Landing at Honolulu’s airport plunges you into the urban jungle, but relax, it’s still Polynesia. Even among downtown high-rises, you’ll find capital-city power brokers in breezy aloha shirts. By day, inspect royal feathered capes and ancient temple carvings, then swizzle mai tais while slack key guitars play at Waikiki Beach after dark.
There’s another side of the island: the ‘country,’ where farms and dirt roads lead deep into a Hawaiian heartland. On some wild, rugged and nearly deserted beaches, sea turtles still outnumber surfers. Set your watch to island time as you cruise past the Windward Coast’s emerald valleys, rustic ranches and roadside shrimp trucks, or lose yourself on the rural Wai’anae Coast.

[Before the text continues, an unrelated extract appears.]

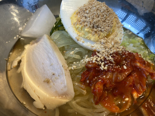 ここんち、タレがちと甘いんだね。ん〜?と思ってテーブルにあった塩をかけてみても、この塩もなんか別の味がついてるからね。はてはて、したらコチュジャンでも大量投下してやるべか。

Don’t dismiss Oʻahu as a transit point en route to the Neighbor Islands. Take a closer look and you’ll uncover a lifetime of adventures. Surf the Banzai Pipeline’s giant waves, hike atop knife-edged pali (cliffs), dive in Hanauma Bay’s giant fishbowl, windsurf or kayak to uninhabited islands off Kailua Bay, and be back in Waikiki for sunset hula. No worries, brah.

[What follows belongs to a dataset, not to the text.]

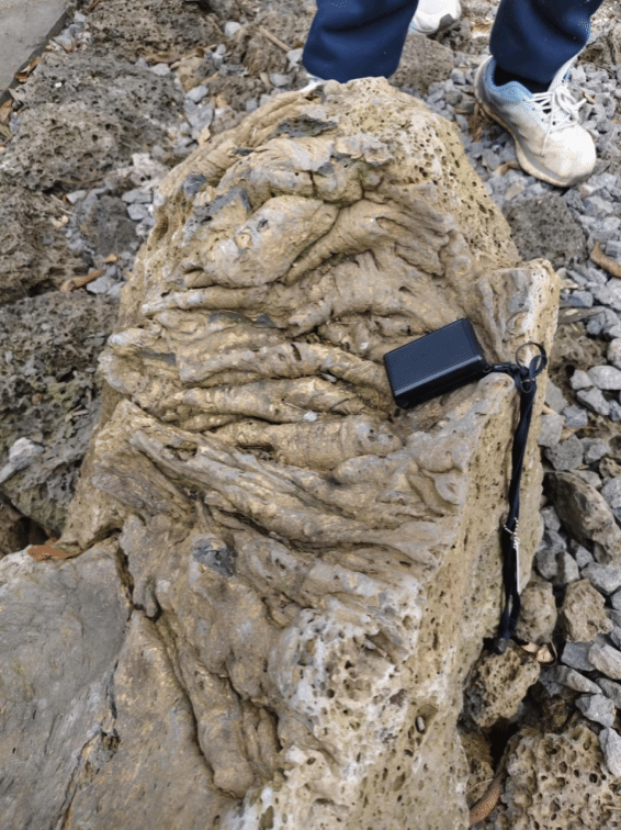 木兰湾的变质岩考察将“导学共研”推向高潮。在海风凛冽的基岩海岸,现场演变为一个开放的学术研讨平台。李益龙老师引导大家关注片麻理构造现象,刘嵘老师则从矿物组合的微观特征进行补充阐释。随行的地质局专家结合区域勘探实践经验,系统介绍了宏观地质背景和当前研究程度。师生与产业专家围绕“海南岛构造单元划分和演化”开展了深入讨论,不同学术观点在海浪拍岸声中激烈交锋,地学知识在共享与互动中得以有效建构与深度内化。

Oʻahu, like Honolulu-born President Barack Obama, is proud of its multicultural heritage. The nerve center of the archipelago brings you face to face with Hawaii as it really is, not just a postcard fantasy. All over this island, nicknamed ‘The Gathering Place,’ pulses the Hawaiian lifeblood, from ancient heiau (stone temples) to sacred hula dances and chants. Boisterous festivals keep diverse traditions alive.
Spam, surfing, hula, pidgin, rubbah slippah – these are just some of the touchstones of everyday life floating in the middle of the Pacific Ocean. People are easygoing, low-key and casual, bursting with genuine aloha and fun. You’ll feel welcome whether you’re a surf bum, a honeymooner or part of a big ʻohana (extended family) with grandparents and kids tagging along.